Depressionen sind eine ernstzunehmende Krankheit

Dabei ist es höchste Zeit, dass psychische Erkrankungen als das anerkannt werden, was sie sind: Nämlich weitaus mehr als nur ein paar Tage schlechte Laune. Depressionen sind eine ernstzunehmende Erkrankung. Nach einer Erhebung der Krankenversicherung DAK entfielen 2014 knapp 17 Prozent aller Ausfalltage der Arbeitnehmer auf Depressionen, Angststörungen und andere psychische Leiden. Die Zahl der Fehltage durch Depressionen habe sich in den letzten zehn Jahren mehr als verdoppelt.

Nach Prognosen der Weltgesundheitsorganisation wird die Depression im Jahr 2020 nach den Herz-Kreislauf-Erkrankungen die zweithäufigste Krankheitsursache weltweit sein. Mehr als die Hälfte aller Verrentungen wegen verminderter Erwerbsfähigkeit gingen bei den Männern im Jahr 2012 auf das Konto der psychischen Erkrankungen, bei Frauen waren es sogar mehr als zwei Drittel. Die Experten streiten allerdings darüber, ob tatsächlich vermehrt Depressionen auftreten oder lediglich mehr Fälle erkannt werden, die bisher nicht in der Statistik auftauchten.

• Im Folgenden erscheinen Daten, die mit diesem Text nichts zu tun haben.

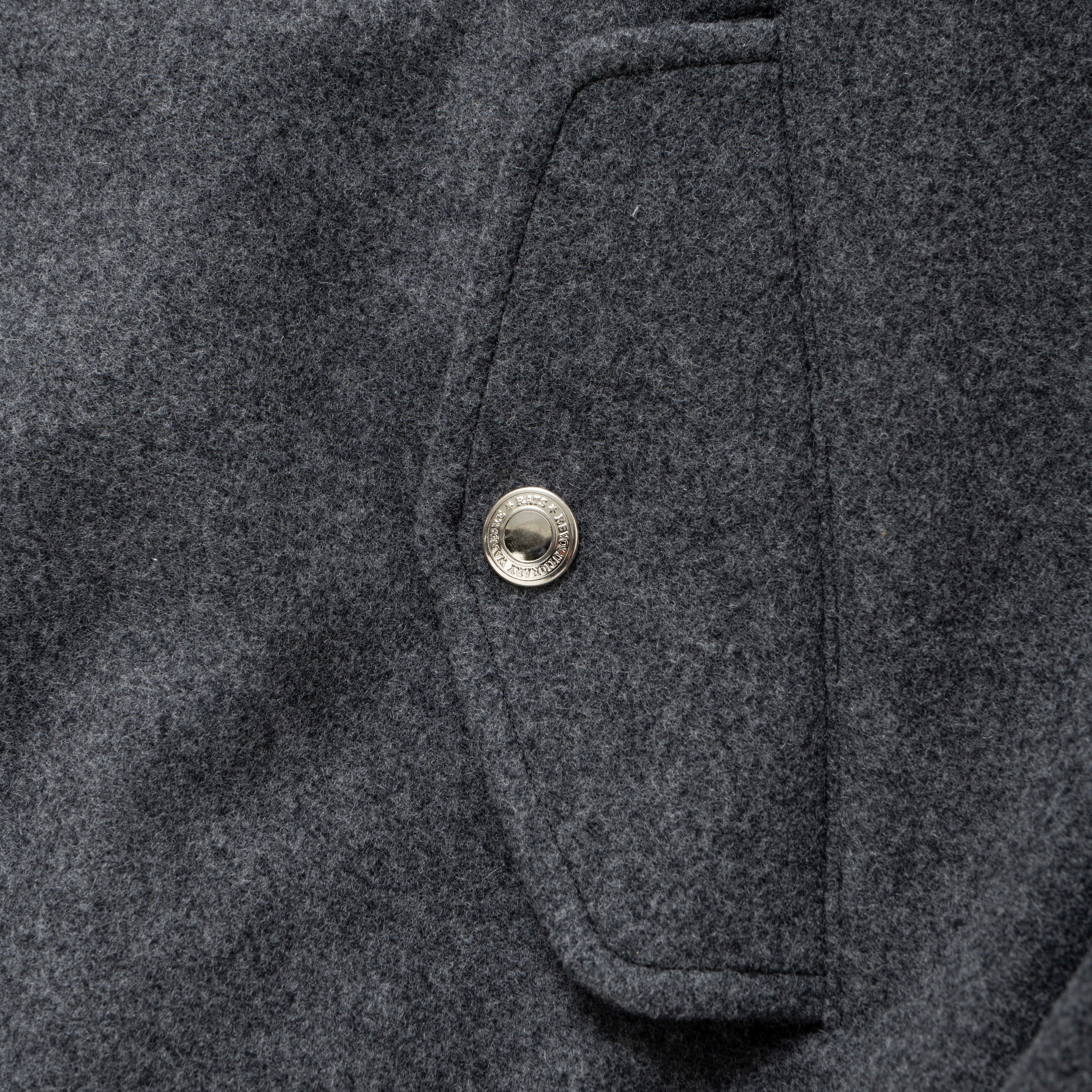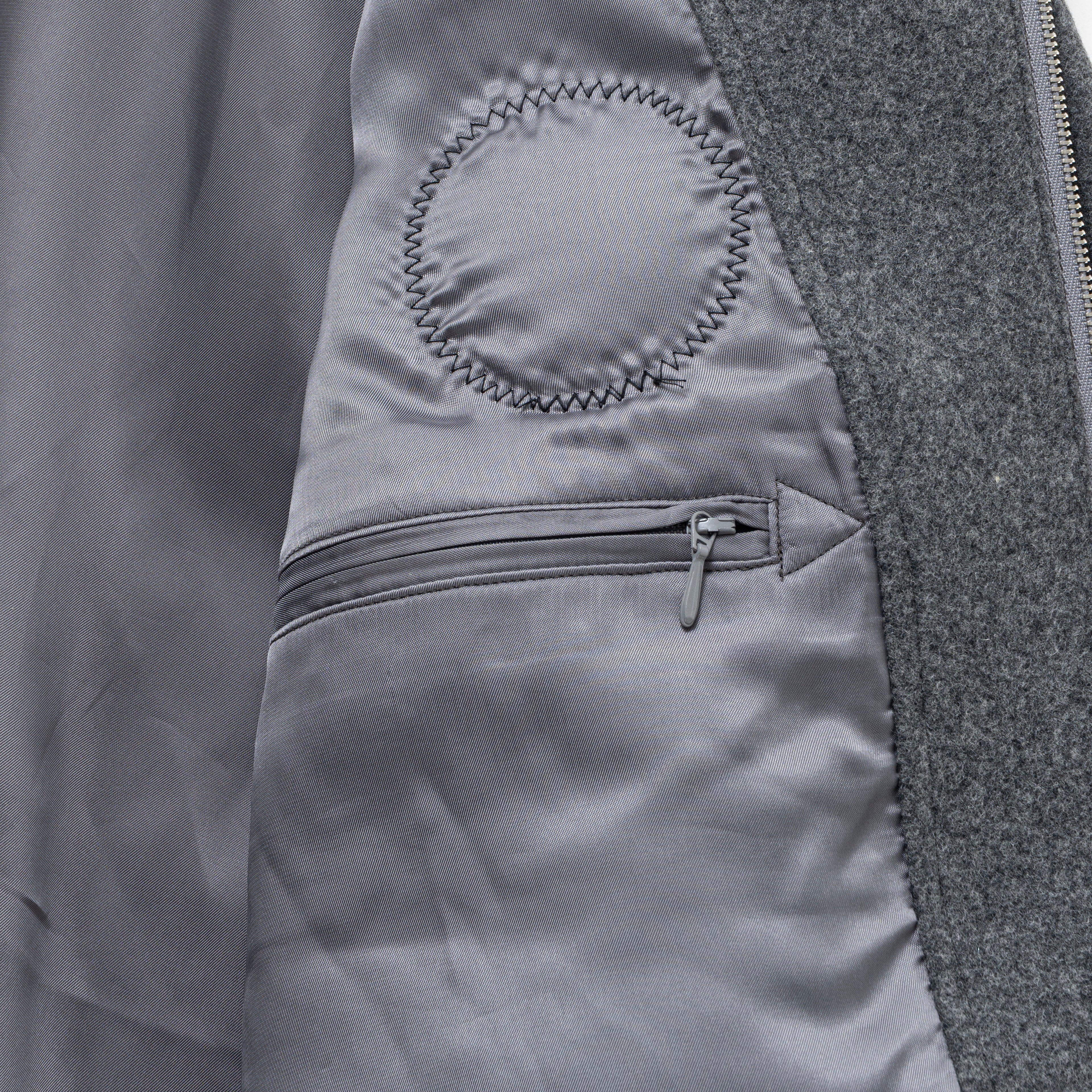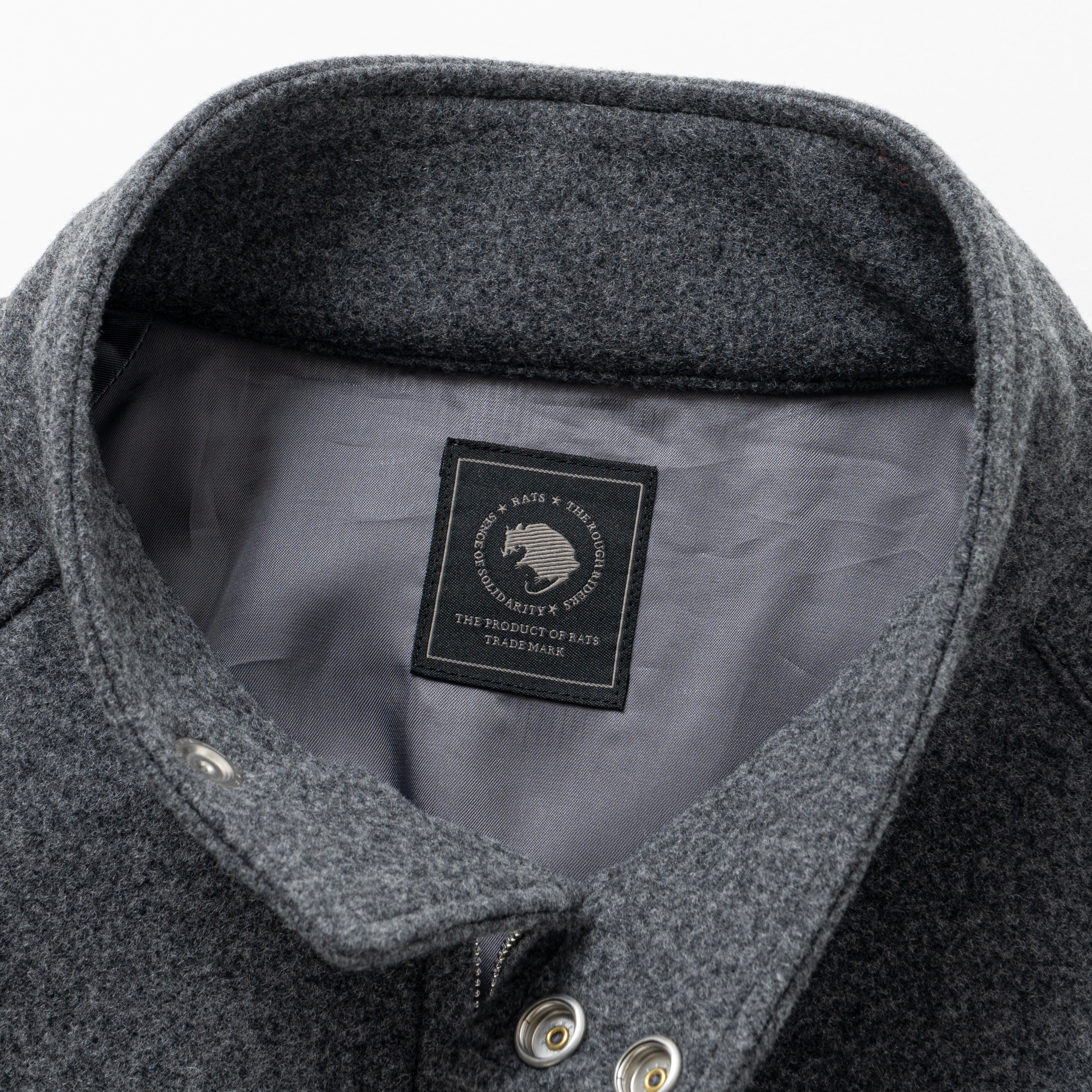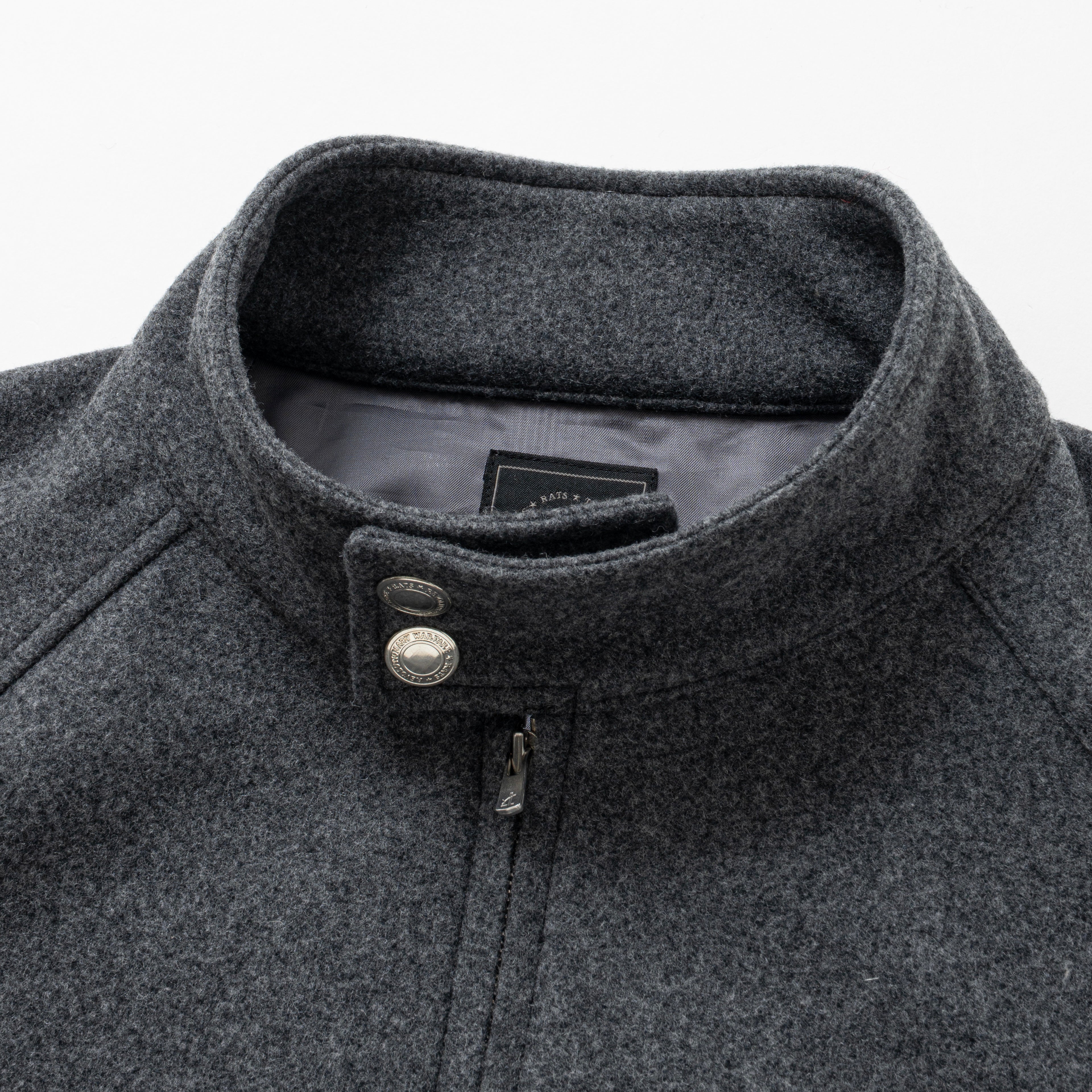表地にピュアニューウールメルトン、裏地にキュプラを使用したラグジュアリーな表情のスウィングトップ。左胸にサークル型レザーパッチを千鳥刺繍で配置したデザイン。前立てはエクセラジップを採用、両脇にフラップポケット、身頃内側にファスナーポケット、袖・裾には太めに設定したゴムリブが付属する。ラグランスリーブ仕様、オーバーサイズシルエット。2色5サイズ展開。

Die Hauptsymptome einer Depression sind eine gedrückte Stimmung, Interessenverlust, Freudlosigkeit, Antriebsmangel und erhöhte Ermüdbarkeit. Treten mindestens zwei dieser Symptome über einen Zeitraum von zwei Wochen zusammen mit anderen Verhaltensauffälligkeiten auf, werten die Ärzte das als eindeutiges Warnsignal.

Die Erkrankung von Thomas Müller-Rörich konnte mit Anti-Depressiva behandelt werden. Das trifft auf viele Depressionen zu, vor allem wenn sie früh genug erkannt werden. Doch das ist leider nicht immer der Fall. Nicht optimal behandelte Erkrankungen bilden die Hauptursache der etwa 10.000 Suizide, die jedes Jahr in Deutschland begangen werden. Im Fall von Thomas Müller-Rörich dauerte es neun Monate, bis er wieder arbeiten konnte. Er habe drei Medikamente testen müssen, bis das richtige gefunden wurde.